Omit pictures and quote the listing below line by line, from its start through the line that holds "Сын президента США".

━━━━━━━━

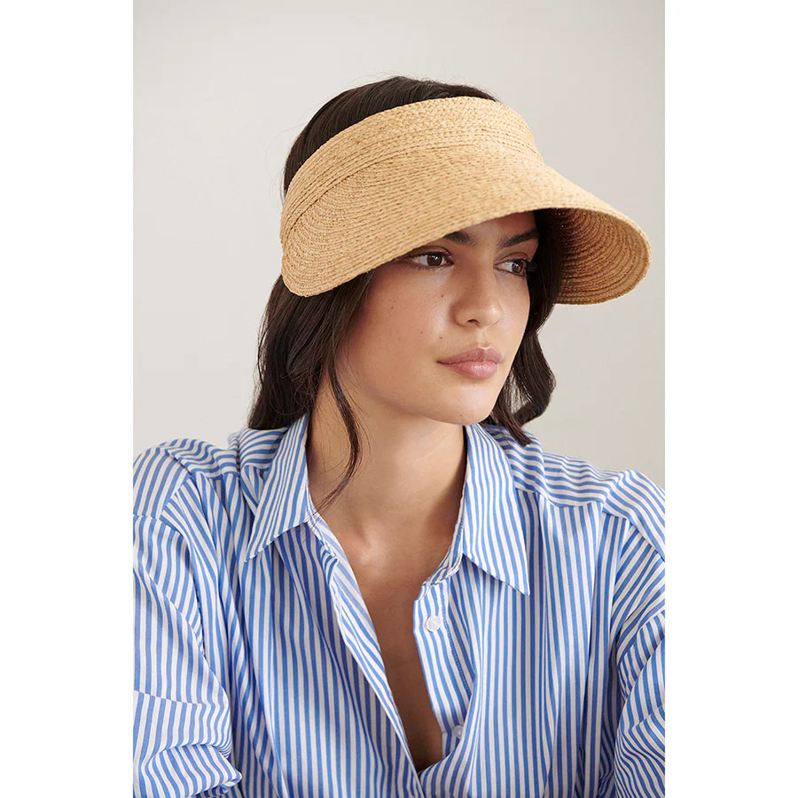 Delightful all year round, Kirsten is crafted from sustainably harvested, hand-braided Madagascan raffia. The style features a 12cm peak, inner neoprene band and size adjustable elastic fastening. Rollable and designed with a securing hook, Kirsten makes for the perfect casual off-duty travel or daily walk companion.
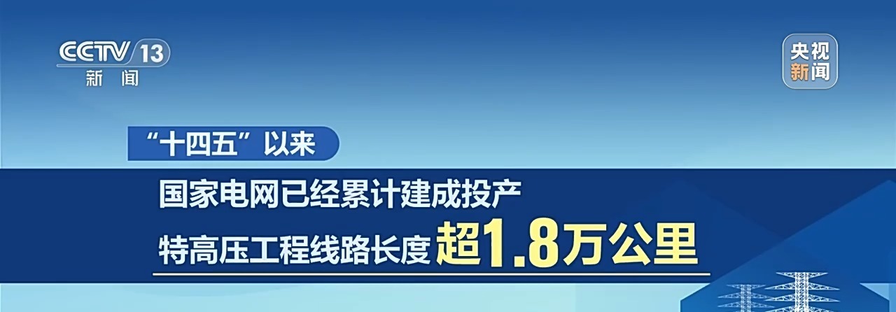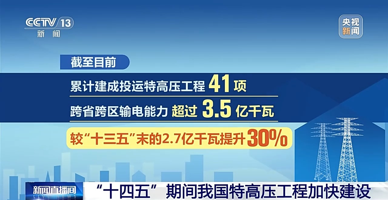 今年以来,陇电入鲁工程、疆电入渝工程,包括今天投产送电的宁电入湘工程相继投运。“十四五”以来,国家电网已经累计建成投产特高压工程线路长度超1.8万公里。截至目前,累计建成投运特高压工程41项,跨省跨区输电能力超过3.5亿千瓦,较“十三五”末的2.7亿千瓦提升了30%。
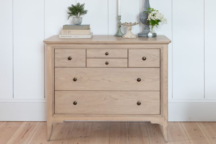 Carefully selected for their alluring grain character the oak solids and veneers are hand finished with white hue laquer. Authentically aged brass handles complete the aspirational curated look.
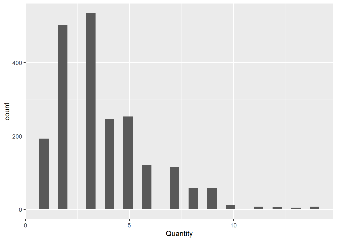 ggplot(aes(x = Quantity)) +
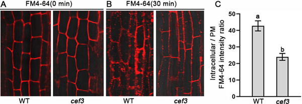 科研团队长期关注利用离子束诱变挖掘细胞壁组分突变基因并开展秸秆的综合利用研究。在对离子束诱变获得的水稻脆秆突变体cef3 进行图位克隆发现:CEF3 基因编码一个参与囊泡运输的蛋白,调控次生细胞壁纤维素合成酶催化亚基基因CESA4/7/9 的表达以及蛋白的运输,影响纤维素合成酶复合体在细胞膜上的定位,从而最终影响次生细胞壁纤维素的合成。酶解糖化效率是决定秸秆木质纤维降解的重要参数,纤维素是生物质的主要成分,纤维素的含量以及其高度结晶化和聚合化是生物质酶解糖化的关键限制因素,与野生型相比,CEF3 基因的突变使得秸秆的酶解糖化效率提高52%,因此CEF3 基因在秸秆生物质能源利用方面具有良好的前景。
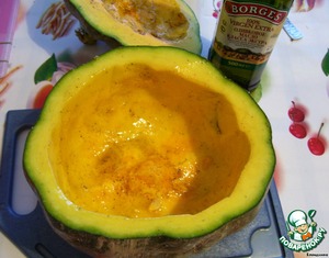 Натереть тыкву изнутри чесноком, посолить, поперчить и смазать оливковым маслом. Отправляем тыкву и "крышку" в разогретую духовку на 30 минут.
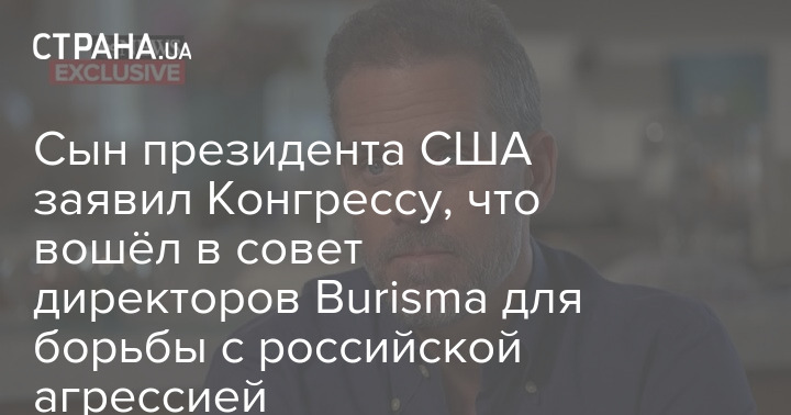 Сын президента США заявил Конгрессу, что вошёл в совет директоров Burisma для борьбы с российской агрессией
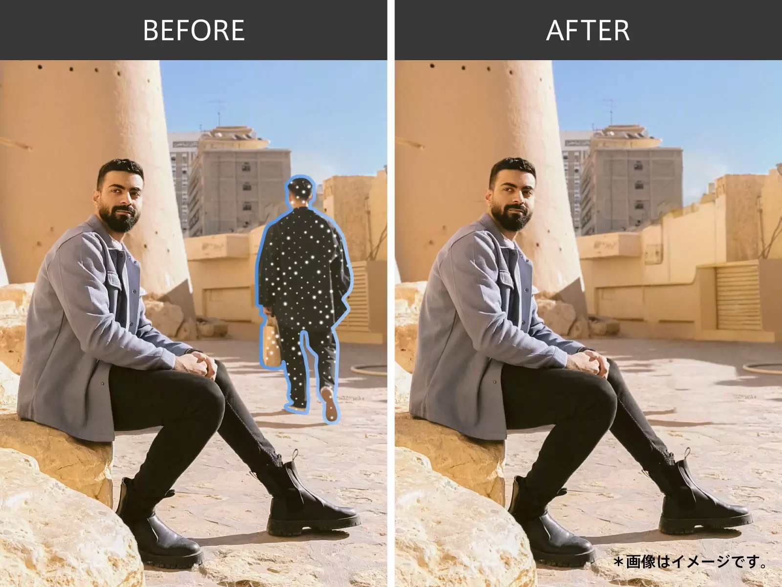 またポートレート撮影時には新たに2倍ズームに対応し、被写体の撮影に最適な画角で撮影可能で、さらにミドルレンジながらも生成AI機能を活用した写真編集機能を搭載することによってより多くの人に生成AIの体験を提供し、写真撮影だけでなく撮影後の編集も楽しめるようになりました。生成AIを活用したAI消しゴム機能はクラウドAIによる強力な計算能力によって複雑なタスクを効率よくこなせるようになるため、撮影時に入り込んだ不要な物を簡単に消去して消去した部分の背景をより綺麗に精度の高い画像処理を行うことで、より自然な写真に仕上げます。
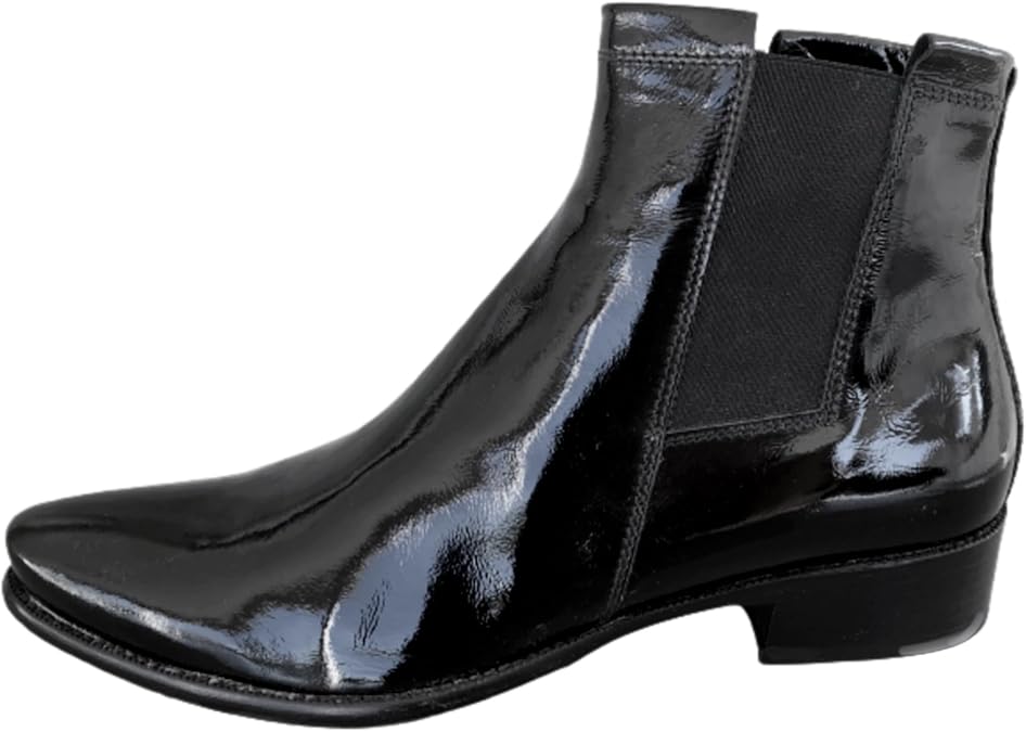 Stivaletti Neri Lucidi Donna NeroGiardini - Tacco Basso, Cerniera ed Elastico, Vernice Naplak
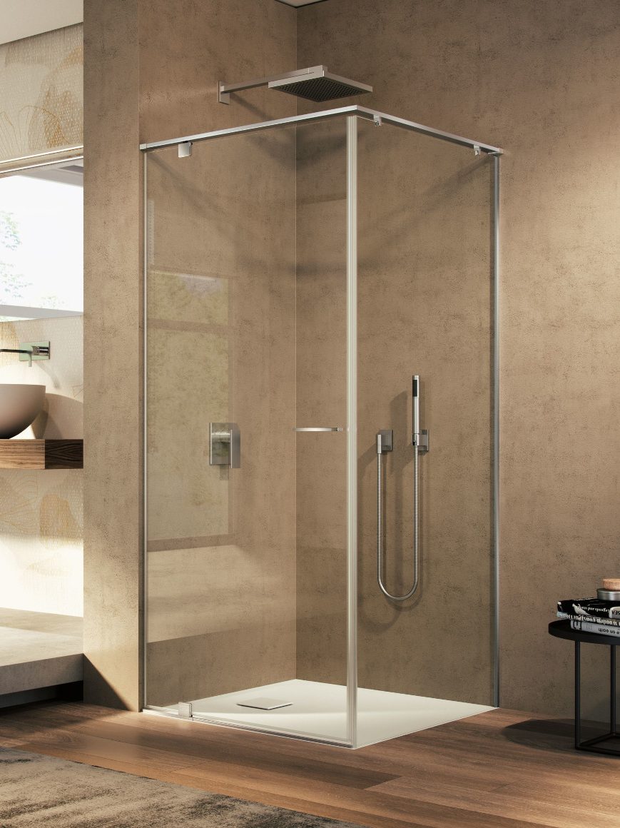 bagnoLa varietà di sistemi doccia di Provex consente a interior designer, architetti e utenti finali una progettazione versatile e personalizzata. Tra le numerose alternative, Iunix IUT-1 + IUW in vetro 8 mm – con porta basculante dotata di sistema a pendolo per apertura in/out fino a 360 gradi, affiancata al laterale – è la soluzione perfetta per una cabina doccia ad angolo. Profili, cerniere e maniglie sono disponibili in alluminio brillante lucido o nero matt e in acciaio AISI 316L.
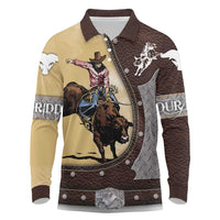 Bull Riding Long Sleeve Polo Shirt Cowboy Courage Rodeo
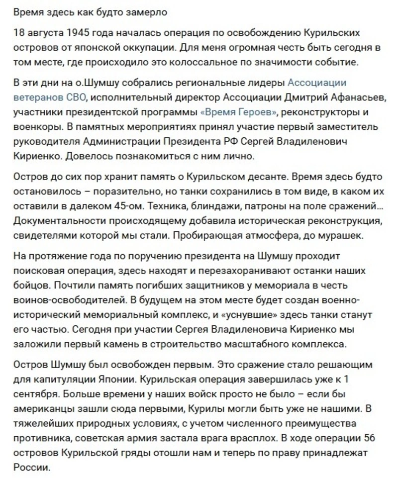 Статья под абсурдным заголовком «В Японии прошли памятные мероприятия к юбилею освобождению Курильских островов» на самом деле является пересказом поста участника проекта «Школа героев» Дениса Михайлина. В своем тексте он с гордостью описывает визит на российский остров Шумшу, где в эти дни проводят мероприятия, посвященные Курильской десантной операции.

━━━━━━━━

■ Response:
 Delightful all year round, Kirsten is crafted from sustainably harvested, hand-braided Madagascan raffia. The style features a 12cm peak, inner neoprene band and size adjustable elastic fastening. Rollable and designed with a securing hook, Kirsten makes for the perfect casual off-duty travel or daily walk companion.
 今年以来,陇电入鲁工程、疆电入渝工程,包括今天投产送电的宁电入湘工程相继投运。“十四五”以来,国家电网已经累计建成投产特高压工程线路长度超1.8万公里。截至目前,累计建成投运特高压工程41项,跨省跨区输电能力超过3.5亿千瓦,较“十三五”末的2.7亿千瓦提升了30%。
 Carefully selected for their alluring grain character the oak solids and veneers are hand finished with white hue laquer. Authentically aged brass handles complete the aspirational curated look.
 ggplot(aes(x = Quantity)) +
 科研团队长期关注利用离子束诱变挖掘细胞壁组分突变基因并开展秸秆的综合利用研究。在对离子束诱变获得的水稻脆秆突变体cef3 进行图位克隆发现:CEF3 基因编码一个参与囊泡运输的蛋白,调控次生细胞壁纤维素合成酶催化亚基基因CESA4/7/9 的表达以及蛋白的运输,影响纤维素合成酶复合体在细胞膜上的定位,从而最终影响次生细胞壁纤维素的合成。酶解糖化效率是决定秸秆木质纤维降解的重要参数,纤维素是生物质的主要成分,纤维素的含量以及其高度结晶化和聚合化是生物质酶解糖化的关键限制因素,与野生型相比,CEF3 基因的突变使得秸秆的酶解糖化效率提高52%,因此CEF3 基因在秸秆生物质能源利用方面具有良好的前景。
 Натереть тыкву изнутри чесноком, посолить, поперчить и смазать оливковым маслом. Отправляем тыкву и "крышку" в разогретую духовку на 30 минут.
 Сын президента США заявил Конгрессу, что вошёл в совет директоров Burisma для борьбы с российской агрессией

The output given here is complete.